At www.livestrong.com you can set up a free account and use the My Plate tool to calculate your food intake.  It stores your daily, weekly and monthly foods.  I entered my breakfast as one egg, two slices bacon, hamburger bun and oatmeal.  For lunch, I listed an Arby's medium roast beef sandwich.  Overall, it's very easy to use.  It also has a calculator.  It suggested that to lose 2 pounds a week at my height and weight, I need to eat 2450 calories.  I know that this is not accurate for me based on the way PCOS has convinced my body to be more efficient at storing up calories for a rainy day.  There is a custom adjustment but you have to pay for an account to do that, so I did not.  If you are not dealing with any specific metabolic challenges such as PCOS, hypothyroidism, etc, the calorie suggestions should be fine.  I really just wanted to know a little more about the things I'm eating to see if they are as good as I think they are.  :)  I'm not doing too badly.  Oh, and don't let me forget to mention that once again, Dan's aunt Cyndie has hooked me up with this information.  So many people that she's helping with just a few emails!

Here is my info for the day.  The second line contains my suggested amounts.

                            Cals         Fat      Cholesterol     Sodium      Carbs      Sugars      Fiber      Protein
Actual Intake:      1766        95g       268 mg        3985 mg      145 g        42 g          27 g       121 g
Recommended:    2450        80g       368 mg        2940 mg      368 g        49 g          31 g         61 g


As you can see, my fat intake and my sodium intake are both a bit high.  It's easy enough to see that bacon, Arby's and even Jason's Broccoli Cheese created those issues.  I need to find some quick and easy late snacks.  Another note is that my protein intake is a lot higher and my carbs are very low.  These are both good numbers to me even though their standard tracker doesn't agree.  Again, for a fee, I could have adjusted that.  I may do that in the future, but for now, free is good.  :)  I just thought it was very handy to see exactly where I'm at and this was VERY easy.  It took me about ten minutes to set up the account and enter today's food.  www.livestrong.com was certainly worth my time.
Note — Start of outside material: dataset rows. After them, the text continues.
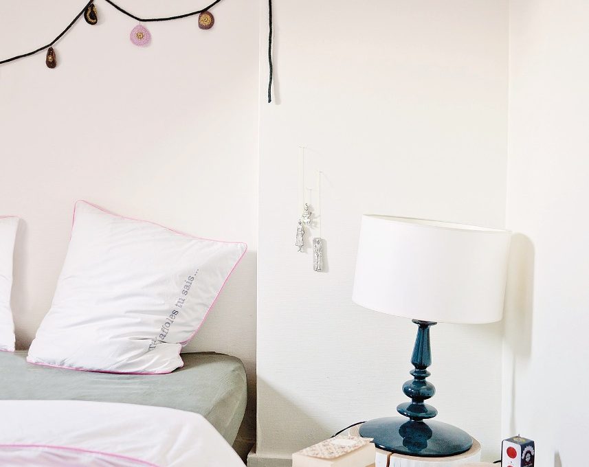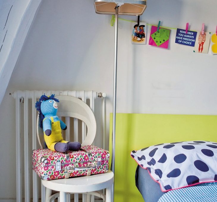 Spensierati e appariscenti, sulla testiera pendono lievi alcuni disegni naïf, fermati con fili e mollette altrettanto briosi. Intorno, il pupazzo e la valigia infantile sposano una sedia di recupero “da grande” in un mélange di suggestioni.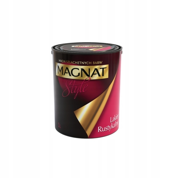 Lakier Rustykalny MAGNAT Style służy do wybarwiania oraz zabezpieczania ścian pokrytych systemami dekoracyjnymi MAGNAT Style. Dostępny jest w atrakcyjnej kolorystyce. Lakier tworzy powłoki odporne na wielokrotne szorowanie i zmywania wodą z dodatkiem detergentów. Produkt znajduje zastosowanie przy wykonywaniu przecierek – wielobarwnego, laserunkowego ozdabiania ścian pomalowanych wcześniej farbą emulsyjną. Charakteryzuje się wydłużonym czasem schnięcia, co ułatwia pracę oraz umożliwia swobodne kształtowanie lub zmienianie tworzonego wzoru. W wersji metalicznej Lakier Rustykalny MAGNAT Style podkreśla efekty uzyskane za pomocą systemów dekoracyjnych MAGNAT Style.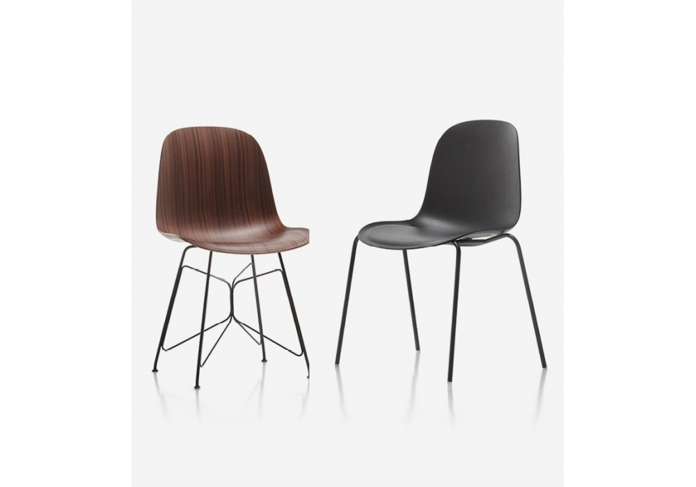 Press designed by Benjamin Hubert for MDF Italia is a chair characterized by the base in powder-coated metal in different finishes and two variants, shell in beech or walnut plywood.

Check it out!

Thursday, August 12, 2010

Day Twenty-three 08-12-2010

Well, today was definitely a step up from yesterday.  Or maybe even a flight or two up from yesterday.  :)  I sure didn't get enough sleep though.  Livi had trouble getting to sleep because she was missing Ash.  She also woke me up twice.  Hopefully she'll do better tonight.  She got to talk to Ash today and she's pretty resilient.  Unfortunately for me, I don't bounce back from those kinds of nights nearly as well.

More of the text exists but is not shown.